Wednesday, April 16, 2008

The Research Polynomial

In line with the thoughts at the end of my last post, I’ve kept pursuing the topic of food (production, distribution, and consumption). The source of production seems like a logical place to start—and it makes sense to begin with the Netherlands’ official account, provided by the Dutch Ministry of Foreign Affairs. Apparently,

“The Netherlands is one of the world’s three largest exporters of agricultural produce.”

But what really surprises me is this:

“The agricultural sector’s productivity has grown enormously in the past few decades. This is largely due to high-quality training, first-class research and an effective system of disseminating practical advice to farmers. But growth is no longer a priority. The priorities now are the environment, animal welfare and the quality of produce.” [my italics]

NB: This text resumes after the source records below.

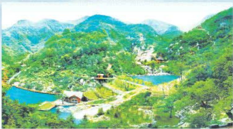
△南部生态经济区项目——九如山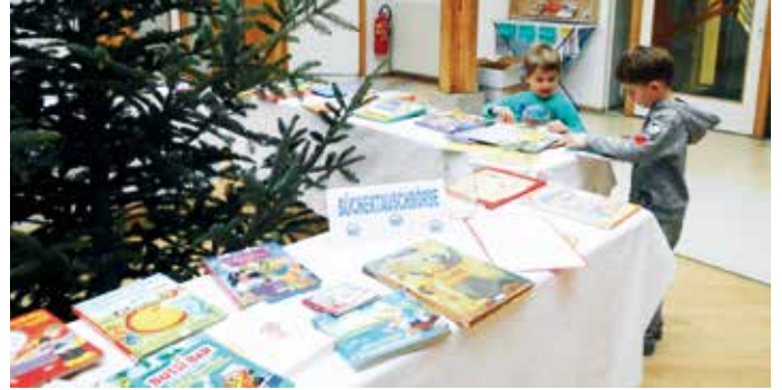
Büchertauschbörse zu Weihnachten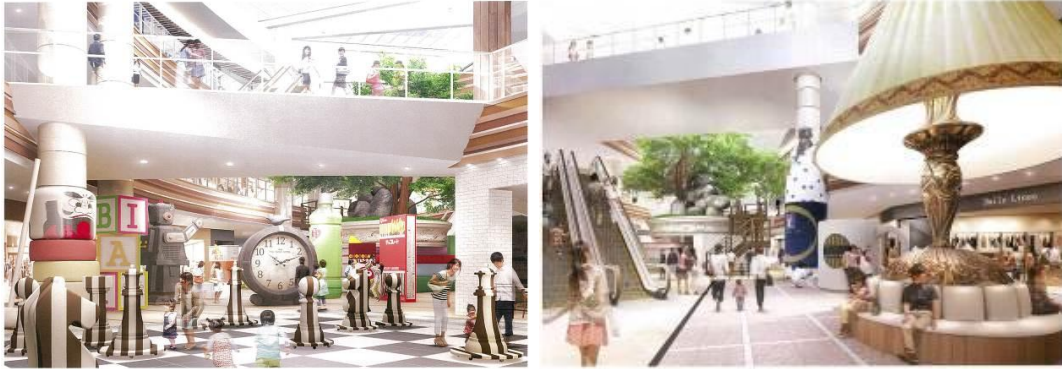
「ビッグ・ワンダー」イメージ

巨大なチェスや時計等、実際に動くオブジェもあり、まるで自分が小人になったかのような空間をお楽しみいただけます。ご自身で記念撮影をして情報発信もでき、オブジェを見ながら、楽しみながらくつろげる、体験型・発信型のレストスペースをご提供いたします。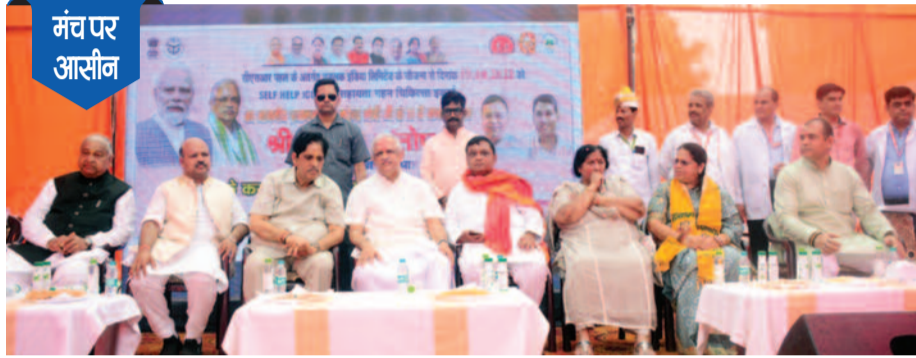
मंच पर आसीन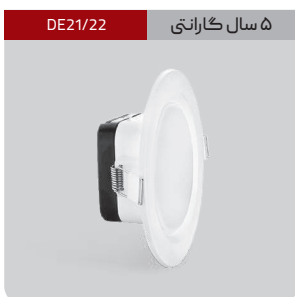
DE21/22 ۵ سال گارانتی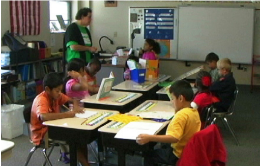
विद्यालय शुरु हुनुभन्दा पहिले गरीको विदामा विद्यालयले शैक्षिक भ्रमण वा एउटा अभिमुखीकरण कार्यक्रम प्रदान गर्छ वा गर्दैन पत्ता लगाउनुस् ।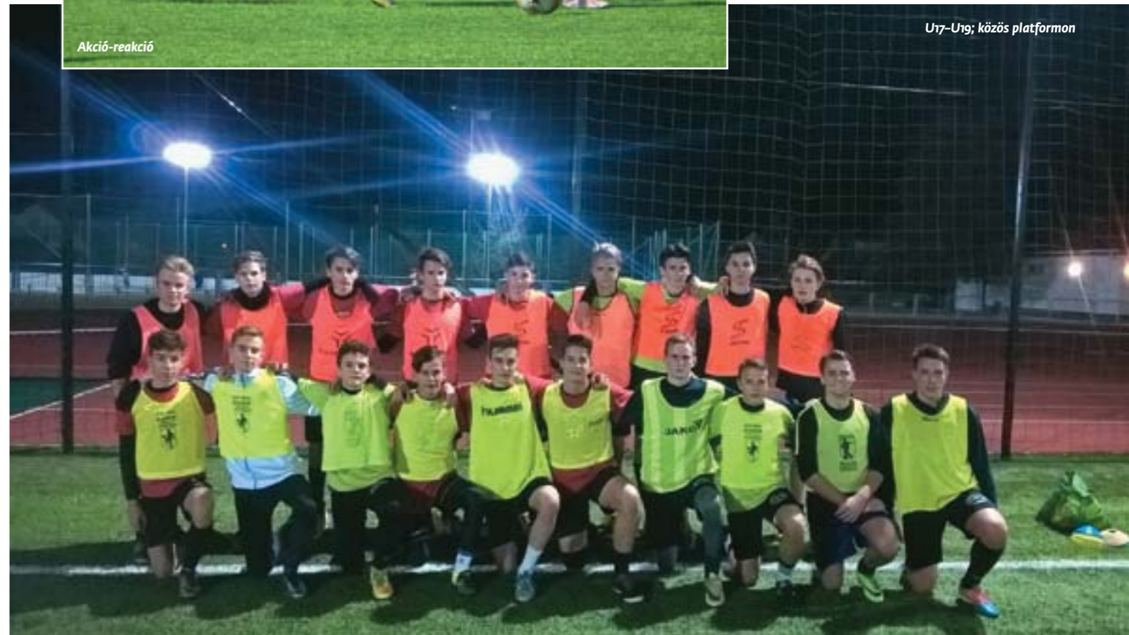
U17–U19; közös platformon

Az U17-es korosztályhoz hasonlóan az U19-ben is ugyanaz a helyzet alakult ki a tavalyi évben a Budakeszi Labdarúgó Aka-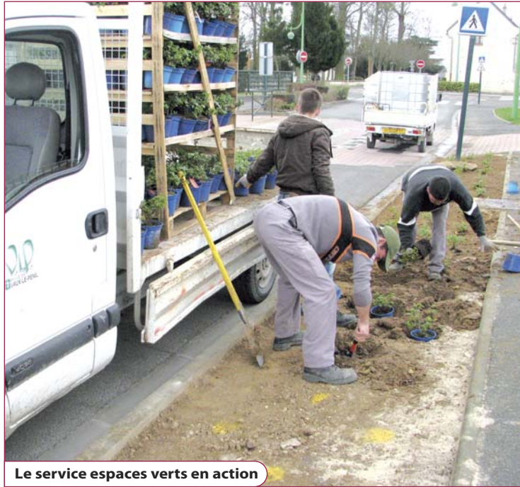
Le service espaces verts en action

Exemple : les parterres maçonnés remplacent les bacs qui présentaient un taux d'évaporation important ; ils peuvent, de plus, être fertilisés par le compost obtenu à partir du broyage des végétaux. Autre exemple : le choix des variétés - bégonias, géraniums, fuchsias, ... - permet d'associer économie d'arrosage, longévité des plants et diversité des couleurs.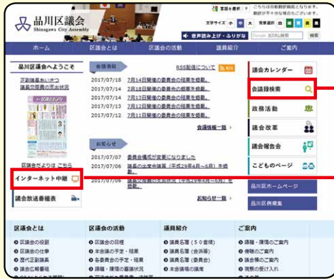
パソコン(トップ画面)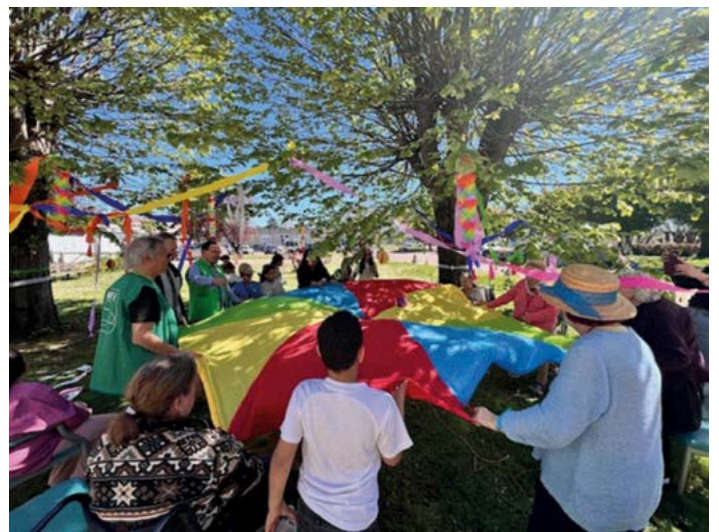
Les équipes animation

Une journée réussie, fidèle à ce qui avait été imaginé, et qui rappelle combien il est essentiel de créer des passerelles entre les générations. Un moment suspendu qui, sans nul doute, restera gravé dans les mémoires de tous les participants.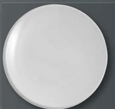
OCR-Nr. 10-4264-2620 Ø 270 mm, H = 24 mm Ø 10 ⅔ in., H = 1 in. Flat plate · Assiette plate Speiseteller · Plato llano Piatto piano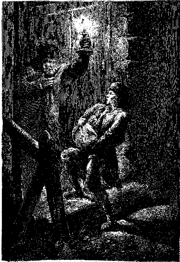
Εἰκὼν ἀπὸ τὸ «ΘΥΜΑ ΤΟΥ ΦΘΟΝΟΥ» (Ἰδὲ σελ. 175)

« Εὐγενεστάτη κυρία μου, ἀν ἤθελα νὰ φι-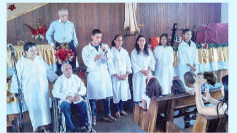
Candidatos ao batismo

São muitas as bênçãos do Senhor e a igreja agradece a Deus por mais essas vitórias.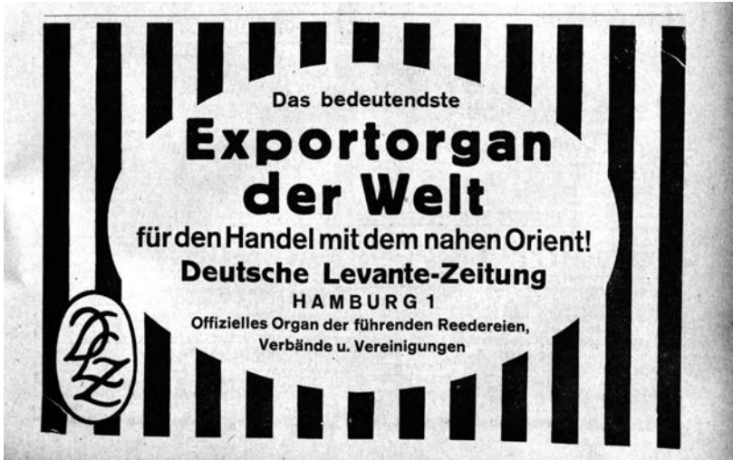
DLZ 9, Nr. 14/15 (1. August 1919), S. 251

1919 noch warb die DLZ mit dem Slogan „Das bedeutendste Exportorgan der Welt“ zu sein. 9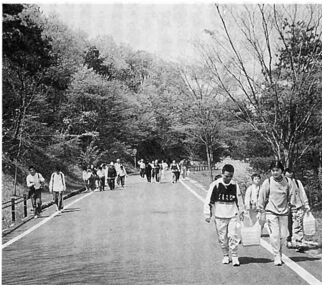
中央道を軽快に歩く参加者(往路)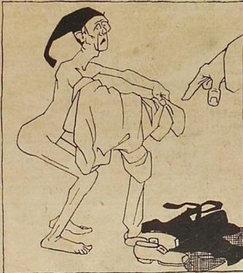
und das Hemd!

Michel, enlève ta veste ! Ton pantalon, s'il-te-plaît !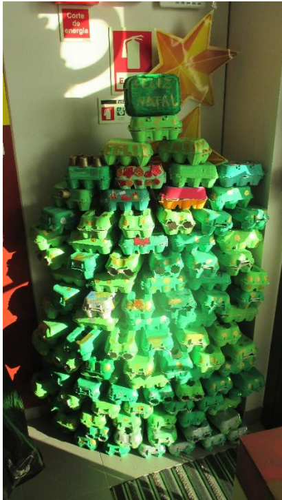
Figura 4. Árvore de Natal. Capturada pela máquina fotográfica própria no âmbito da PPS II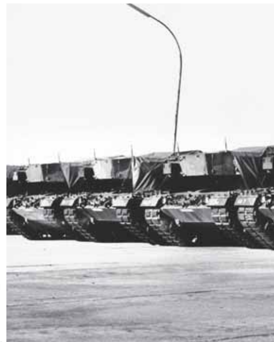
Viele der Leopardpanzer aus Hemer (Bild) landeten oder auf dem Schrott. Heute sind einige von ihnen

Besorgniserregender als Russland sind die massiven Erhöhungen der Rüstungsausgaben von China, Saudi-Arabien, Indien und Kuwait. Steigende Rüstungsausgaben unterminieren die Suche nach friedlichen Lösungen der Konflikte in der Welt.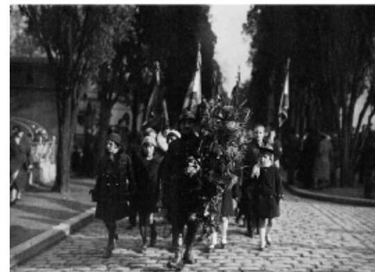
Ancien combattant belge portant la gerbe de l'archevêque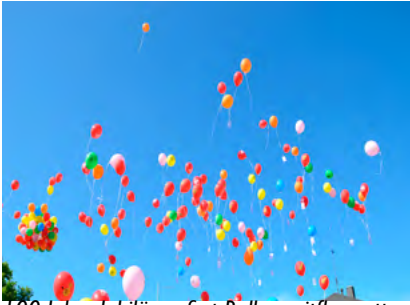
100 Jahre Jubiläumsfest Ballonweitflugwettbewerb,

nenden und sehr abwechslungsreichen Tag.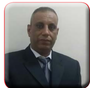
كتب : محمد فايز

المحافظ قد أجرى اتصلا تليفونيا بالسيد اللواء قاسم حسين محافظ المنيا لتقديم يد العون والمساعدة للمصابين فى الحادث مؤكدا أن مستشفيات المحافظة على أتم استعداد لاستقبال أى من المصابين وتقديم أوجه الرعاية الكاملة لهم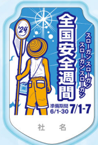
85x53mm PET製 2枚合わせ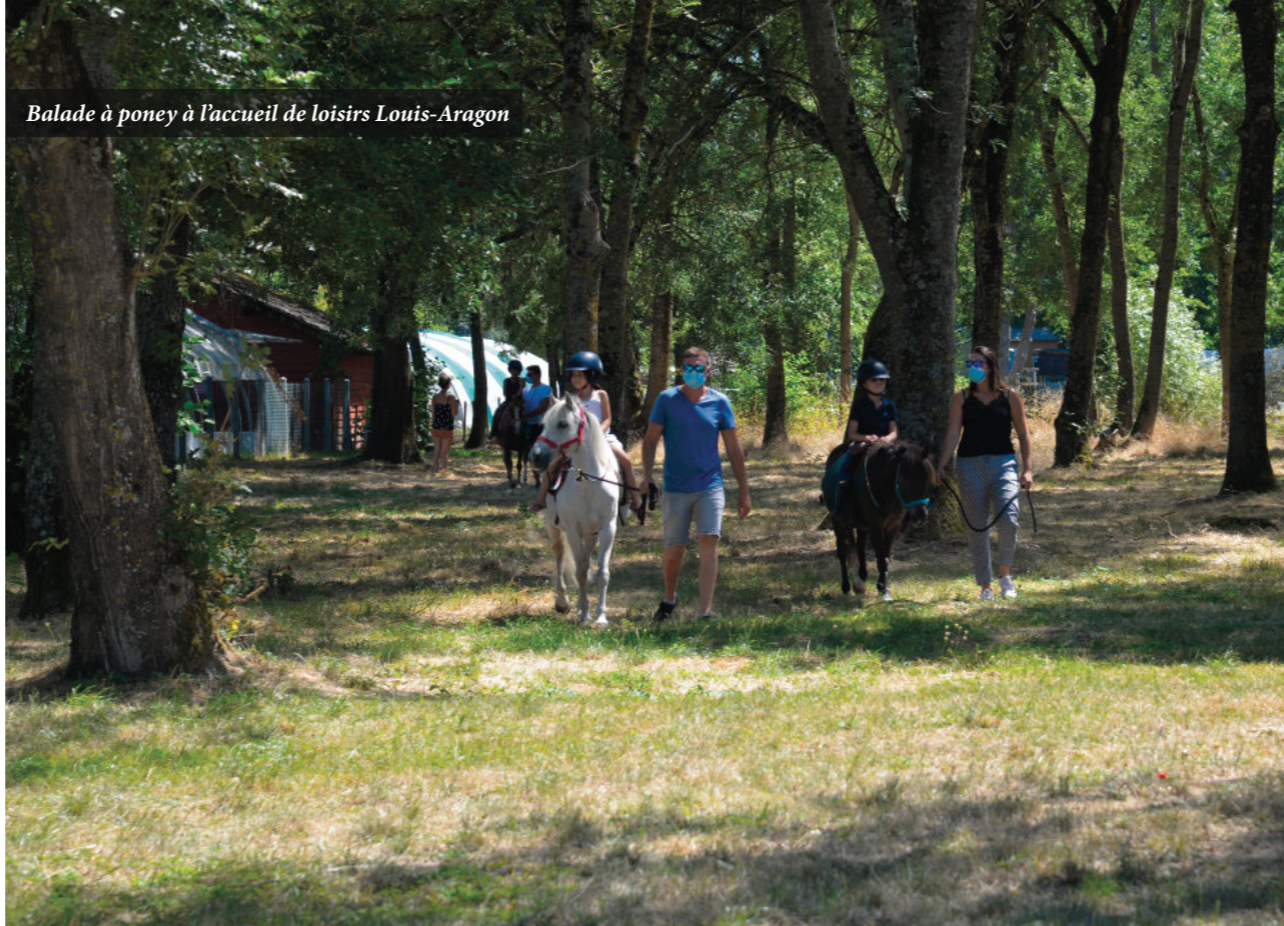
Balade à poney à l'accueil de loisirs Louis-Aragon

Si la pandémie aura eu raison de multiples manifestations estivales comme Chalette fait son festival , toutefois la municipalité et les services municipaux ont tenu à maintenir certaines actions lorsque cela était possible et à organiser, malgré la situation et l'application des protocoles sanitaires, des actions afin que tout un chacun puisse profiter au mieux de cette période estivale singulière. Et c'est un pari réussi si on en croit les retours réalisés auprès des services. Alors merci aux animateurs et aux prestataires qui ont dû imaginer et réinventer d'autres façons d'agir pour un bel été 2020. Retour en images.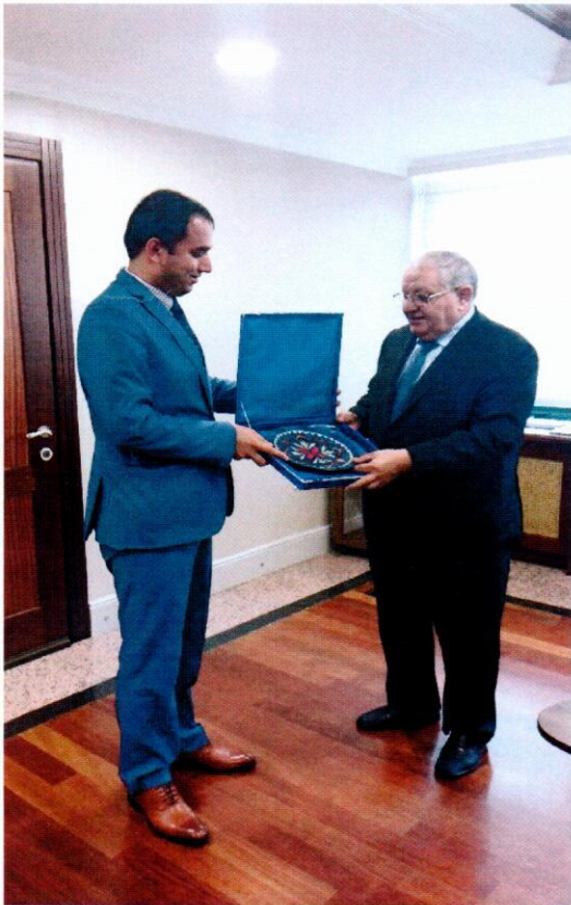
ملاقات با آقای احمد سلامت معاون اول شورای شهر استانبول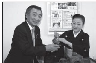
1/9 新條流師範会ます杯交換会・新年会 私が顧問をさせて頂いている新條流の師範をされている方々の新年会で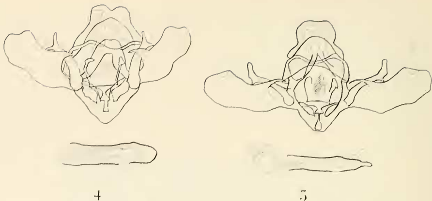
Abb. 4: ♂ Genitalapparat des vermutlichen Hybriden Euphyia adumbraria H. Sch. / frustata Tr.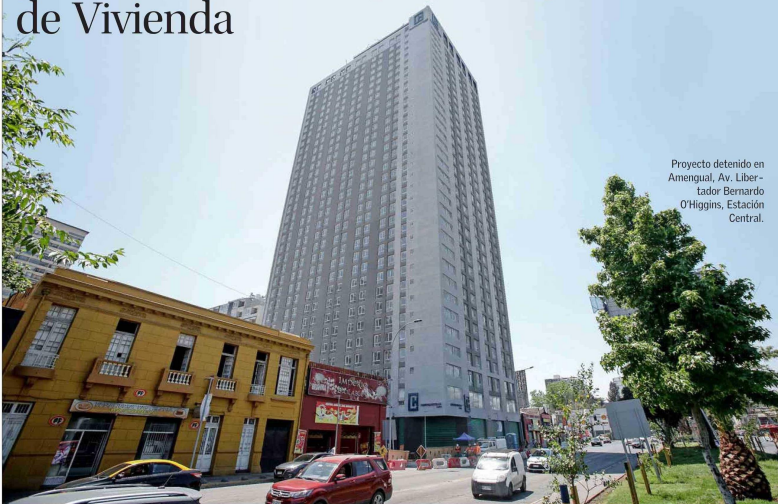
Proyecto detenido en Amengual, Av. Libertador Bernardo O'Higgins, Estación Central.

Son tres proyectos terminados y tenían una fecha de entrega estimada para 2021, pero no se ha cumplido porque la municipalidad "desconoce los permisos". E incluso —acusa la empresa— han incumplido dictámenes de Contraloría. Hoy Vivienda tiene la última palabra. "Estamos trabajando para que (la resolución) sea este año. No queremos dejar en incertidumbre ni a la inmobiliaria, ni a las familias, ni a Estación Central", señala la seremi. • GUILLERMO V. ACEVEDO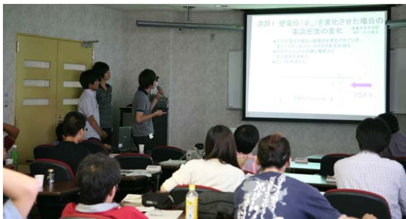
(写真 3) 成果発表会の様子(研究グループ毎に発表)

体験入学の期間中には、上記の研究体験、研究発表以外にもいくつかの催しが行われました。そのひとつは、核融合研の主研究施設である大型ヘリカル装置とスーパーコンピュータ、バーチャルリアリティ(3次元グラフィックによる仮想現実化)装置の見学です。この施設見学は体験入学の初日に行われ、この見学により、最先端の研究施設の一端にまず触れることになります。さらに今回は、専攻長である本島 修 核融合研究所所長による特別講義も行われ、核融合研究の魅力について学ぶ機会が得られたと思います。また、2日目の夕方に夕食を兼ねた懇親会が開かれました。懇親会では、研究を行う上での喜びや悩み、研究以外の楽しみ等についても話し合わせ、体験学生と指導教員、実習補助を行う総研大在学生の間の親睦が深まったようでした。さらに、体験期間中は規則正しい生活リズムを持ってもらうため、毎朝朝礼の時間をとり「体験入学生」が一同に会する機会を設けました。朝礼では「体験入学生」に一人 2-3 分で自己紹介や体験課題の感想を話してもらいましたが、研究テーマが異なる「体験入学生」同士の相互理解が深める良い機会になったようです。

Could they really be that sane? The site also says that “thirty per cent of Dutch consumers now regularly buy organic produce.” I wonder which thirty percent this is, and what is meant by “regularly.” There seems to be a conflict in me between a cynicism about all government and business, and an idealization of Western Europe. So while I can't believe that a sector of the market would responsibly self-regulate like that, I also want to believe that such a thing is possible, if only in Europe. It's challenging to balance these two prejudices and see things as they really are (or might be, depending on your perspective).

Anyway, I thought that this government site would be a good resource for primary information, but in a way it seems to be more like a subjective representation than a source of actual “data.” Although there is at least one page with Official Figures (bicycle ownership is 81.4 percent!). And here’s an even better source.

Looking at Amsterdam in particular, I found A Seed Europe, which isn't really primary material in and of itself (unless I'm studying how information about food is organized and disseminated), but does seem like a great resource for finding food in the city, and probably has some links to more direct sources of information.

Here's a list of supermarkets.

And, hooray, a paper about urban agriculture (again, not a primary source, but interesting reading).

I'm starting to realize that "food" is a big category. I'm not sure how to narrow it down, though--I seem to have a tendency to choose a desired outcome and then "reverse-engineer" a research question from that. If I keep looking for various information sources, I'm sure I'll eventually come up with something that works, but I think a better way to arrive at a non-leading question would be to get some influence from elsewhere. Several other people have mentioned topics that I also think are really interesting, so I wonder if I might adopt someone else's subject, and then maybe use "food" as a focus within that.

1 comment:

JB said...

"Could they really be that sane"? Now, that's writing. This is an excellent post. Another question that arises is what constitutes "organic": there will be legal stipulations about this as a term. You have some fantastic resources here: it puts a whole new spin on the term "field trip."

The "reverse engineering" issue to which you refer is not in fact a problem, or at least not a flaw: recall Heer Tatum's chart from the "Zone of Proximal Development" day. The central box, the "social inquiry/research question" has **two**-way arrows leading to and from it. You're experiencing that as wavering; it's actually the back and forth of re-formulation.

By the way, a classic account of structuralist anthropology is THE RAW AND THE COOKED, by C. Levi-Strauss: it refers to categories of culture (cooked food). Your interest in the organic would suggest a need to reformulater those categories, as a culture can take "raw" food as a form of social progress, betokened too by discarding "growth" as an index of progress.